- [To do]: Output the data verbatim, minus the images.

- [Data for analysis]:
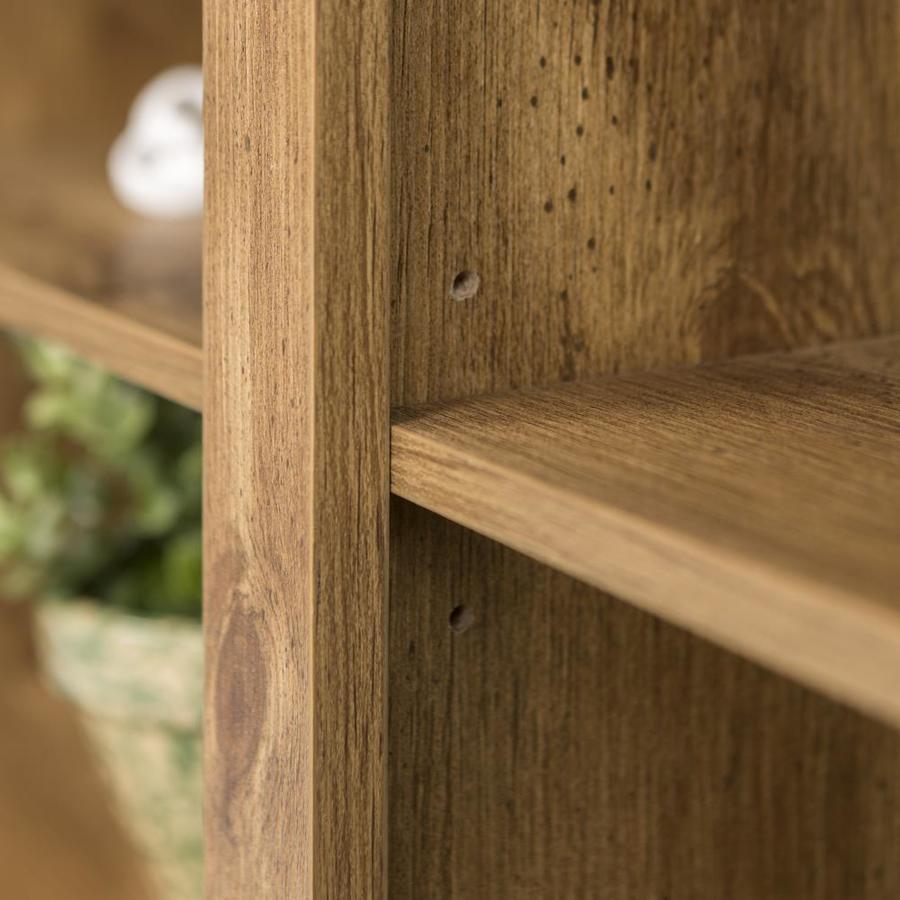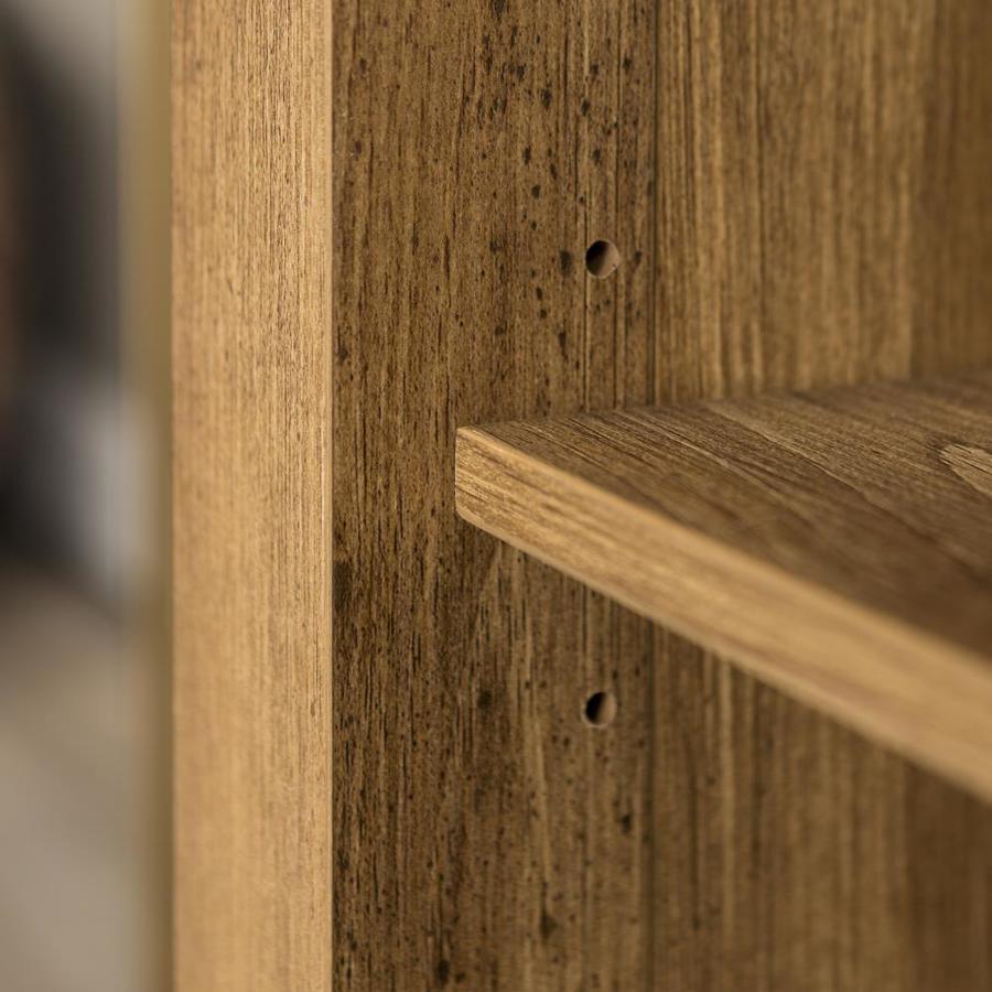 Adjustable shelving on both sides makes it easy to fit your media and more
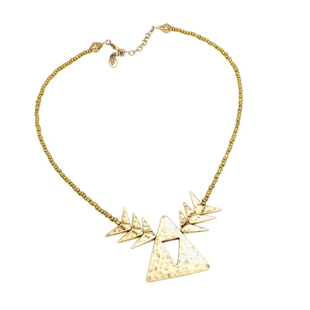 Beaded Cutout Triangle Metal Necklace
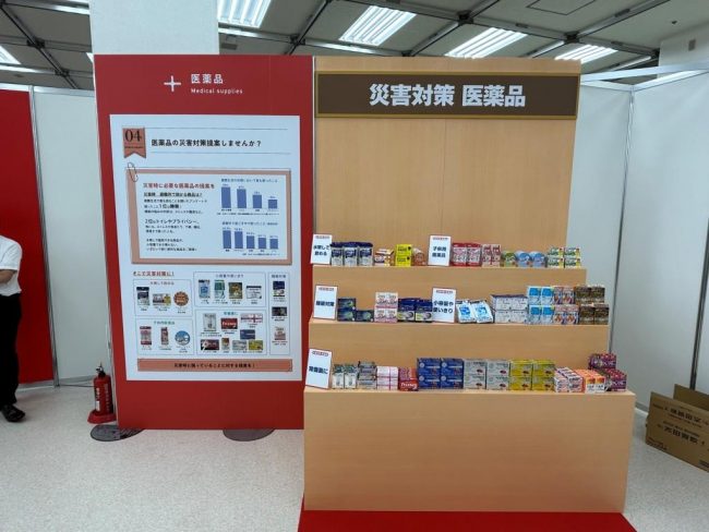 また、ライフラインとしての小売店舗の役割を意識して、災害対策コーナーも提案された。水無しで飲める薬、空腹時にも飲める薬などの売場展開例が設けられた。
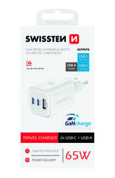 SWISSTEN SÍŤOVÝ ADAPTÉR GaN 2x USB-C 65W PD + 1x USB-A 18W QC BÍLÝ
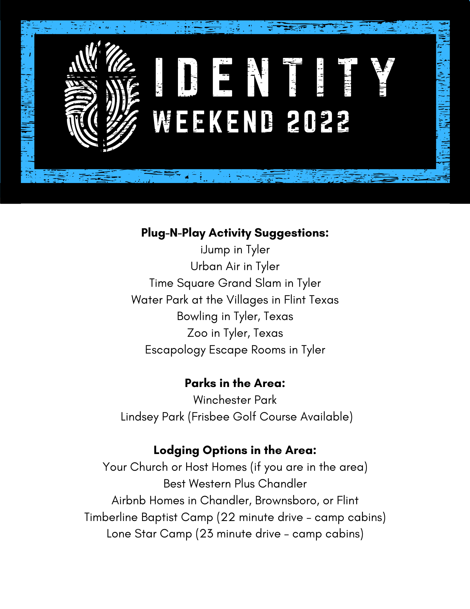 Each church will be responsible for lodging and meals for their students.On Saturday each church will have a church time called Plug-N-Play in which the church schedules a fun activity for their group to participate in. Each session will have a small group component, that is designed to be led by the church group leader with their individual church group. Below is a list of Plug-N-Play Suggestion activities.
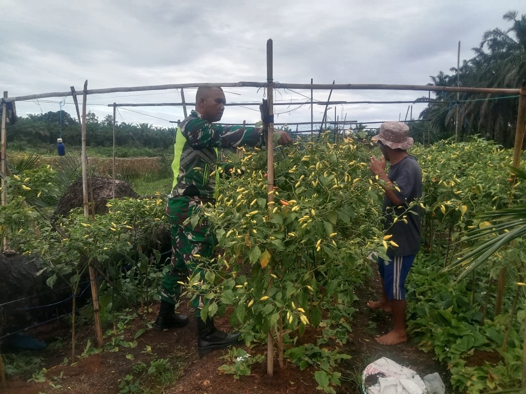 Subulussalam – Babinsa Koramil 01/Simpang Kiri Kodim 0118/Subulussalam, Koptu B. Pelawi, turun langsung membantu petani memanen cabai di lahan milik
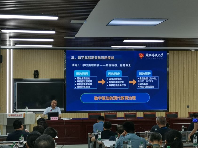 陕西开放大学党委书记龙治刚亲临现场,为参训学员们带来精彩的开班第一课,他从教育数字化转型的意义、数字化大学的内涵、数字化赋能高等教育的新领域、陕西开放大学的实践与探索及教育数字化转型的机遇与挑战等5个方面出发,为学员们分享陕西开放大学推进教育数字化转型发展的经验与做法。培训结尾,陕西开放大学校长吴宏梅以《凝心聚力谋发展提质增效强体系》为题进行授课。
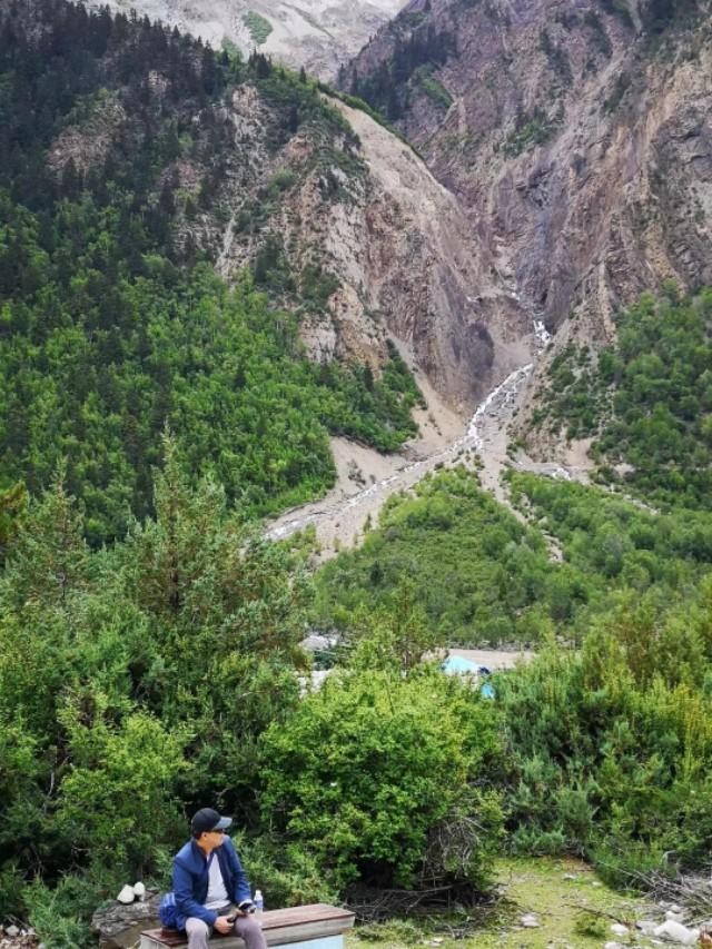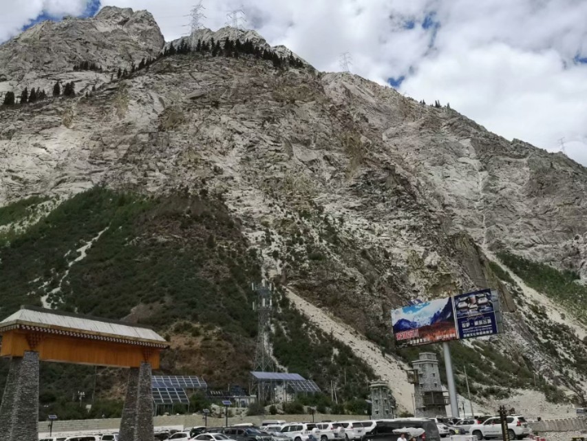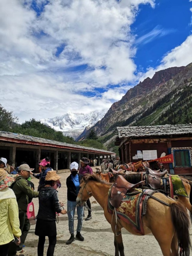米堆冰川就在318国道边上,门口有很大的停车场。我们买票后坐上景区的区间车到达米堆村,然后步行2公里才能到观景台远观冰川。也可以骑马上去。
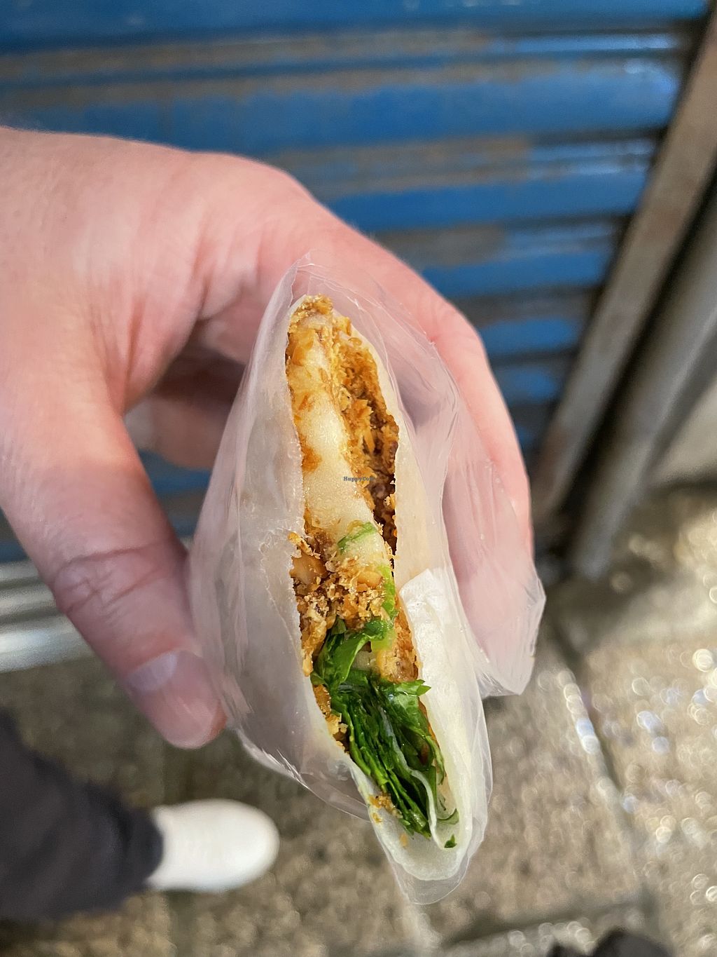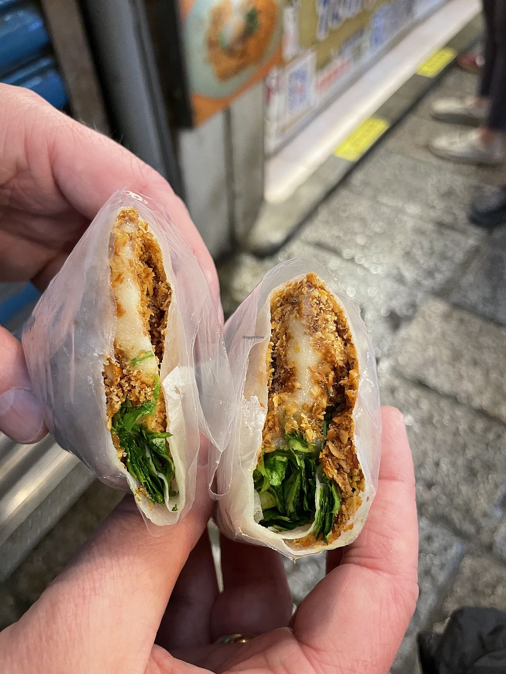 It's always exciting trying a street food snack that's vegan! There's a sign stating is vegan at the back and we asked about the ice-cream anyway - it's peanut sorbet😄very cold!! The server asked us if we wanted coriander inside. $50
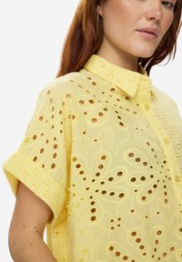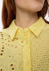 Mladá žena nosící volnou žlutou halenku s krátkými rukávy a knoflíky, zdobenou vyšívanými dírkami, a černé kalhoty, stojící před jednobarevným bílým pozadím.
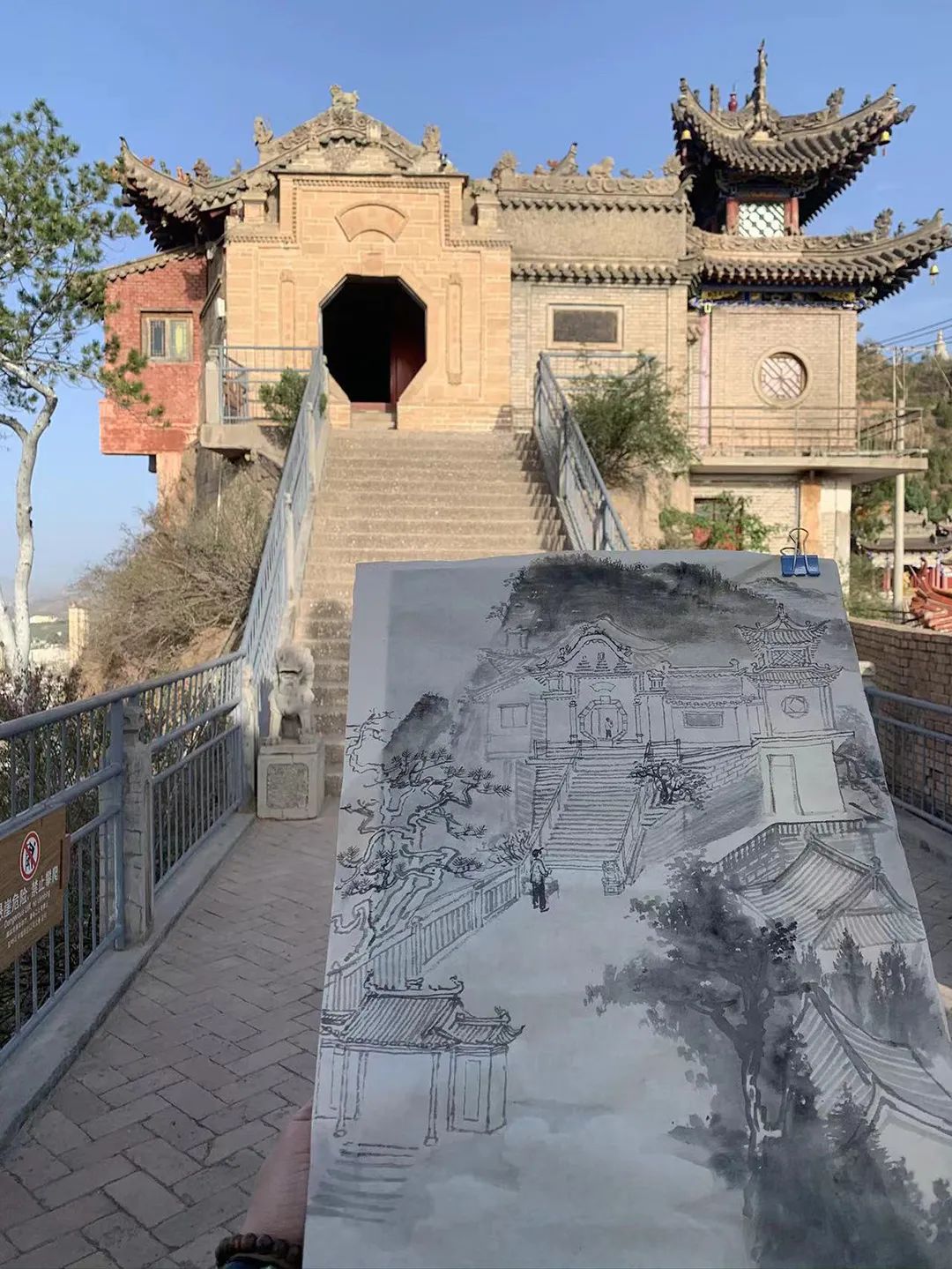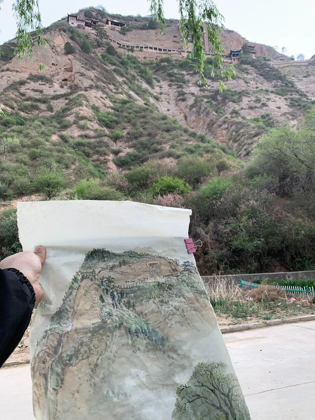 大像山北襟渭水,南枕朱圉,成纪雄封过的汉阳旧郡,凭吊多闲情,适合写生,名胜古迹让画多一层隔世韵味。
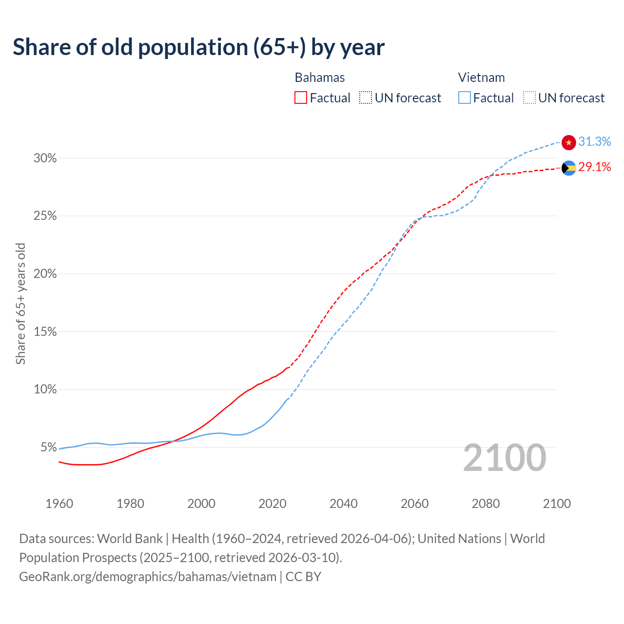 The share of older people aged 65 and over is 11.8% in the Bahamas and 9.05% in Vietnam. Life expectancy in the Bahamas compared to Vietnam .
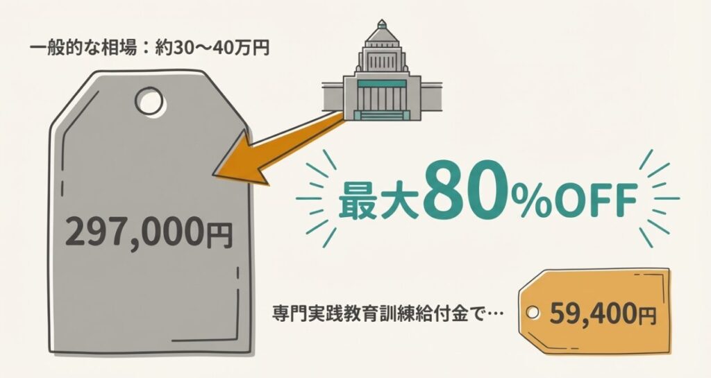 でも、もっとすごいのがここから。この講座は国の「専門実践教育訓練給付金」という制度の対象になっています。
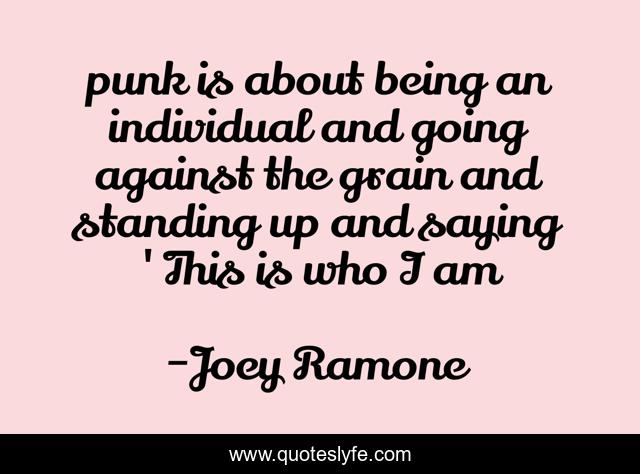 This page presents the quote "punk is about being an individual and going against the grain and standing up and saying 'This is who I am". Author of this quote is Joey Ramone. This quote is about individuality, punk, music, rock-and-roll, beliefs, individualism,.
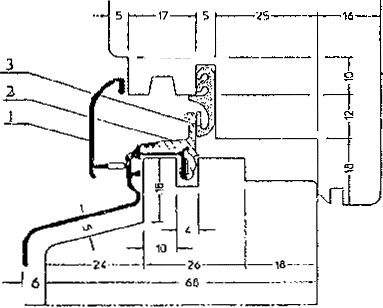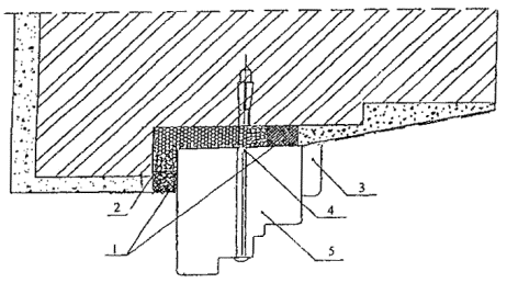 снаружи; 1 - уплотняющие прокладки (снаружи - водонепроницаемые, изнутри - паронепроницаемые); 2 - пеноутеплитель; 3 -деревянный нащельник; 4 - строительный дюбель; 5 - брусок оконной коробки Рисунок 8 - Пример монтажного узла

- [Completed exercise]:
 Adjustable shelving on both sides makes it easy to fit your media and more
 Beaded Cutout Triangle Metal Necklace
 また、ライフラインとしての小売店舗の役割を意識して、災害対策コーナーも提案された。水無しで飲める薬、空腹時にも飲める薬などの売場展開例が設けられた。
 SWISSTEN SÍŤOVÝ ADAPTÉR GaN 2x USB-C 65W PD + 1x USB-A 18W QC BÍLÝ
 Each church will be responsible for lodging and meals for their students.On Saturday each church will have a church time called Plug-N-Play in which the church schedules a fun activity for their group to participate in. Each session will have a small group component, that is designed to be led by the church group leader with their individual church group. Below is a list of Plug-N-Play Suggestion activities.
 Subulussalam – Babinsa Koramil 01/Simpang Kiri Kodim 0118/Subulussalam, Koptu B. Pelawi, turun langsung membantu petani memanen cabai di lahan milik
 陕西开放大学党委书记龙治刚亲临现场,为参训学员们带来精彩的开班第一课,他从教育数字化转型的意义、数字化大学的内涵、数字化赋能高等教育的新领域、陕西开放大学的实践与探索及教育数字化转型的机遇与挑战等5个方面出发,为学员们分享陕西开放大学推进教育数字化转型发展的经验与做法。培训结尾,陕西开放大学校长吴宏梅以《凝心聚力谋发展提质增效强体系》为题进行授课。
米堆冰川就在318国道边上,门口有很大的停车场。我们买票后坐上景区的区间车到达米堆村,然后步行2公里才能到观景台远观冰川。也可以骑马上去。
 It's always exciting trying a street food snack that's vegan! There's a sign stating is vegan at the back and we asked about the ice-cream anyway - it's peanut sorbet😄very cold!! The server asked us if we wanted coriander inside. $50
 Mladá žena nosící volnou žlutou halenku s krátkými rukávy a knoflíky, zdobenou vyšívanými dírkami, a černé kalhoty, stojící před jednobarevným bílým pozadím.
 大像山北襟渭水,南枕朱圉,成纪雄封过的汉阳旧郡,凭吊多闲情,适合写生,名胜古迹让画多一层隔世韵味。
 The share of older people aged 65 and over is 11.8% in the Bahamas and 9.05% in Vietnam. Life expectancy in the Bahamas compared to Vietnam .
 でも、もっとすごいのがここから。この講座は国の「専門実践教育訓練給付金」という制度の対象になっています。
 This page presents the quote "punk is about being an individual and going against the grain and standing up and saying 'This is who I am". Author of this quote is Joey Ramone. This quote is about individuality, punk, music, rock-and-roll, beliefs, individualism,.
 снаружи; 1 - уплотняющие прокладки (снаружи - водонепроницаемые, изнутри - паронепроницаемые); 2 - пеноутеплитель; 3 -деревянный нащельник; 4 - строительный дюбель; 5 - брусок оконной коробки Рисунок 8 - Пример монтажного узла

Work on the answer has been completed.